= About this exercise =
Print the full set of records below, character for character and picture-free.

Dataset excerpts
'''
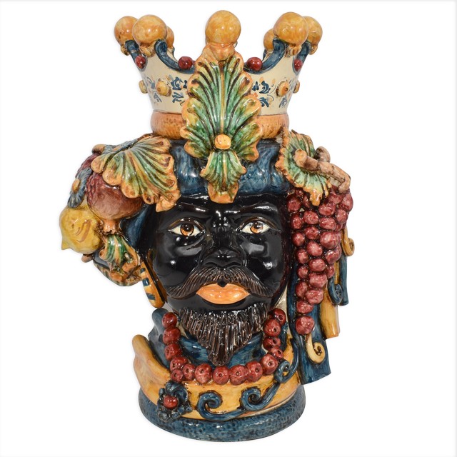 Testa h 50 c/turbante c/frutta blu/arancio/rosso maschio moro
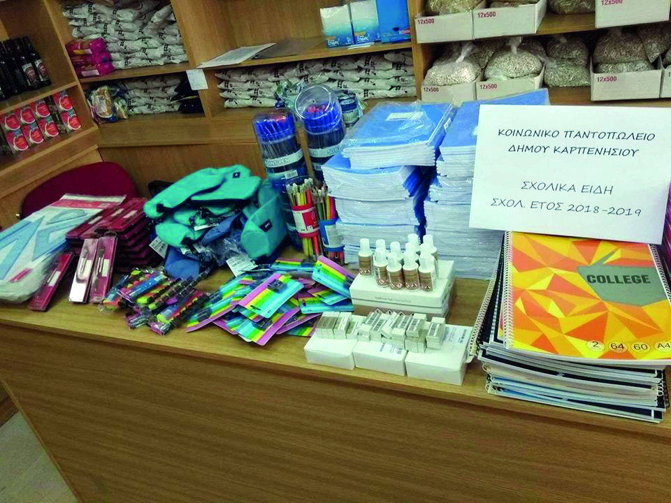 Πράξεις αλληλεγγύης πραγματοποιεί το Κοινωνικό Παντοπωλείο για τους πολίτες του τόπου που χρειάζονται στήριξη και βοήθεια. Συγκεκριμένα, το Παντοπωλείο θα προμηθεύσει σχολικά είδη, που αγοράστηκαν με δωρεά των θυγατέρων της Αμερικής, σε τέκνα των ωφελούμενων οικογενειών σύμφωνα με τις σχολικές τους ανάγκες.
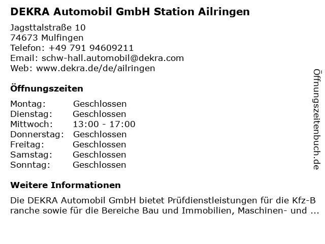 4 DEKRA Automobil GmbH Außenstelle Bad Mergentheim (Entfernung: 14,01 km) Wilhelm-Frank-Straße 80, 97980 Bad Mergentheim 6 |
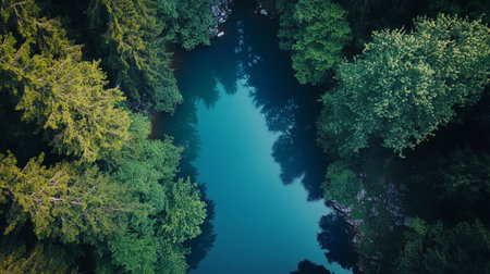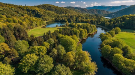 This aerial view captures a tranquil river embraced by vibrant green forests. The serene waters reflect the surrounding beauty, showcasing natures peace and harmony.
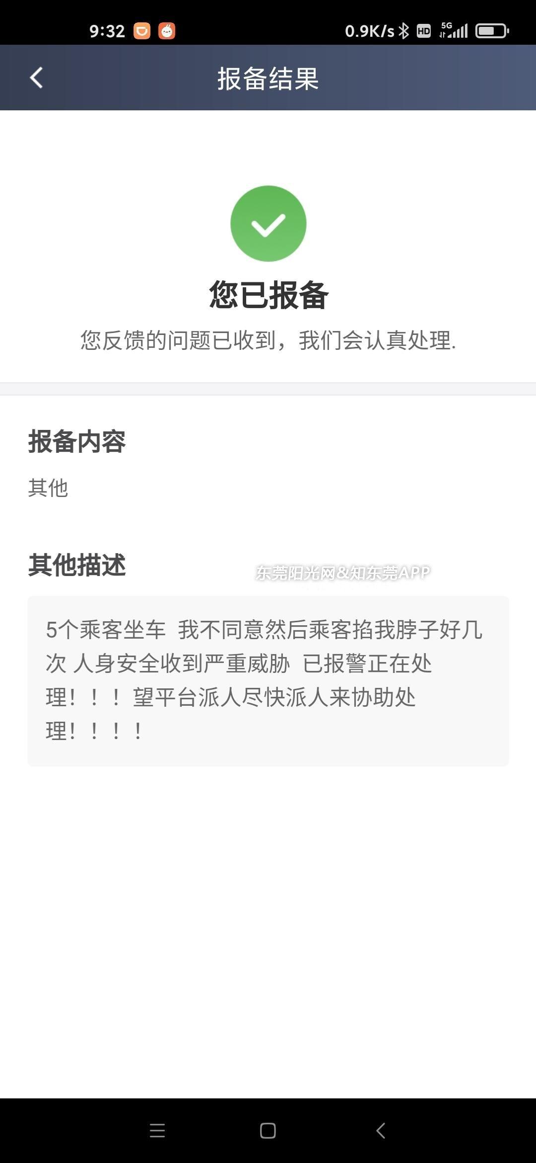 今年由于疫情原因 不得已加入了滴滴网约车这个行业 从一开始虽然有点累但是也能够有些收入 也颇感欣慰 不过前几天不久发生了一起恶性事件 让我对滴滴的看法大打折扣 滴滴扣扣声声说非常重视司乘安全 难道这只是说着玩而已吗 乘客的安全固然重要 司机的生命安全难道就这样命如草芥??? 事件详细经过:11月28日凌晨4点30分左右 我在虎门接到一个订单 起点是卢屋永勤工业园对面 终点是大绅娱乐会所 当我驾车到达起点 当时一共5名男乘客 看样子都是30岁左右吧 想要超载坐我的车载他们去目的地 我当时就跟他们解释5个人不能载 属超载行为 他们立马就不高兴了 其中一个乘客坐在我后面立马掐住我的脖子 当时可能力度有点大 我都有点说不出话来了 然后我还是忍着 也没怎么反抗 想想他们出了气就会走的 他们是下车了 我当时也被他们吓懵了 没那么快离开 心里面想着到底要不要报警 没想到他们看我没走立马又折回来用力掐我脖子 还有另外一名乘客打开我主驾驶们要拉我下车揍我 还好系了安全带 没被他们拉下去 见我没反抗然后就扬长而去 走的时候还用力踢了一下我车屁股 我当时真的被他们吓疯了头 跑滴滴从来没碰到过这样的事 感觉自己遇上黑社会了 要是我解开了安全带被他们拖下车我的生命真的会受到威胁!我把车子往前面开了50米才报警 真实不敢相信法制社会还有这么嚣张的人 这么无视法纪!我现在想想都有些后怕! 当时报了警直到12月2号下午我才做了伤情鉴定 虽然只是鉴定轻微伤 但当时伤情也比较严重的 12月5号 我来到虎门博涌派出所找到受理我案件的民警 希望民警可以尽快帮我处理 早日抓到那几个人 一开始警官都比较认真配合 滴滴方面也承诺随时配合警方调取证据 可是当警官问道要调取关键车内桔视视频的时候 滴滴确给警官下了一道难题 说要警方提供证据调取通知书 才能把桔视视频证据做成光盘的形式寄给警方 可警方又说只有刑事案件才能开具证据调取通知书 因为我这构不成刑事案件 这到底是警方不提供相关资料文书 还是滴滴百般刁难 偏袒乘客 故意找借口不提供车内桔视视频证据? 难道司机就这样被乘客打了 没人能管得了吗 难道乘客犯罪了 滴滴也要偏袒到底吗?我们司机挣这点血汗钱容易吗 还要受着这等屈辱 真是要危及到了生命 你们才肯帮滴滴司机说句话吗 至今殴打我的乘客任然逍遥法外 东莞现在是文明城市 难道就是这样的吗 希望通过此平台 东莞政府相关部门能够多点关心我们生活在社会最底层的这些打工人 我们就想在这个城市讨口饭吃 难道就这么难吗??? 以上所说都是事实 没有半点虚假 本人敢拿人格担保!
'''
= Expected output =
 Testa h 50 c/turbante c/frutta blu/arancio/rosso maschio moro
 Πράξεις αλληλεγγύης πραγματοποιεί το Κοινωνικό Παντοπωλείο για τους πολίτες του τόπου που χρειάζονται στήριξη και βοήθεια. Συγκεκριμένα, το Παντοπωλείο θα προμηθεύσει σχολικά είδη, που αγοράστηκαν με δωρεά των θυγατέρων της Αμερικής, σε τέκνα των ωφελούμενων οικογενειών σύμφωνα με τις σχολικές τους ανάγκες.
 4 DEKRA Automobil GmbH Außenstelle Bad Mergentheim (Entfernung: 14,01 km) Wilhelm-Frank-Straße 80, 97980 Bad Mergentheim 6 |
 This aerial view captures a tranquil river embraced by vibrant green forests. The serene waters reflect the surrounding beauty, showcasing natures peace and harmony.
 今年由于疫情原因 不得已加入了滴滴网约车这个行业 从一开始虽然有点累但是也能够有些收入 也颇感欣慰 不过前几天不久发生了一起恶性事件 让我对滴滴的看法大打折扣 滴滴扣扣声声说非常重视司乘安全 难道这只是说着玩而已吗 乘客的安全固然重要 司机的生命安全难道就这样命如草芥??? 事件详细经过:11月28日凌晨4点30分左右 我在虎门接到一个订单 起点是卢屋永勤工业园对面 终点是大绅娱乐会所 当我驾车到达起点 当时一共5名男乘客 看样子都是30岁左右吧 想要超载坐我的车载他们去目的地 我当时就跟他们解释5个人不能载 属超载行为 他们立马就不高兴了 其中一个乘客坐在我后面立马掐住我的脖子 当时可能力度有点大 我都有点说不出话来了 然后我还是忍着 也没怎么反抗 想想他们出了气就会走的 他们是下车了 我当时也被他们吓懵了 没那么快离开 心里面想着到底要不要报警 没想到他们看我没走立马又折回来用力掐我脖子 还有另外一名乘客打开我主驾驶们要拉我下车揍我 还好系了安全带 没被他们拉下去 见我没反抗然后就扬长而去 走的时候还用力踢了一下我车屁股 我当时真的被他们吓疯了头 跑滴滴从来没碰到过这样的事 感觉自己遇上黑社会了 要是我解开了安全带被他们拖下车我的生命真的会受到威胁!我把车子往前面开了50米才报警 真实不敢相信法制社会还有这么嚣张的人 这么无视法纪!我现在想想都有些后怕! 当时报了警直到12月2号下午我才做了伤情鉴定 虽然只是鉴定轻微伤 但当时伤情也比较严重的 12月5号 我来到虎门博涌派出所找到受理我案件的民警 希望民警可以尽快帮我处理 早日抓到那几个人 一开始警官都比较认真配合 滴滴方面也承诺随时配合警方调取证据 可是当警官问道要调取关键车内桔视视频的时候 滴滴确给警官下了一道难题 说要警方提供证据调取通知书 才能把桔视视频证据做成光盘的形式寄给警方 可警方又说只有刑事案件才能开具证据调取通知书 因为我这构不成刑事案件 这到底是警方不提供相关资料文书 还是滴滴百般刁难 偏袒乘客 故意找借口不提供车内桔视视频证据? 难道司机就这样被乘客打了 没人能管得了吗 难道乘客犯罪了 滴滴也要偏袒到底吗?我们司机挣这点血汗钱容易吗 还要受着这等屈辱 真是要危及到了生命 你们才肯帮滴滴司机说句话吗 至今殴打我的乘客任然逍遥法外 东莞现在是文明城市 难道就是这样的吗 希望通过此平台 东莞政府相关部门能够多点关心我们生活在社会最底层的这些打工人 我们就想在这个城市讨口饭吃 难道就这么难吗??? 以上所说都是事实 没有半点虚假 本人敢拿人格担保!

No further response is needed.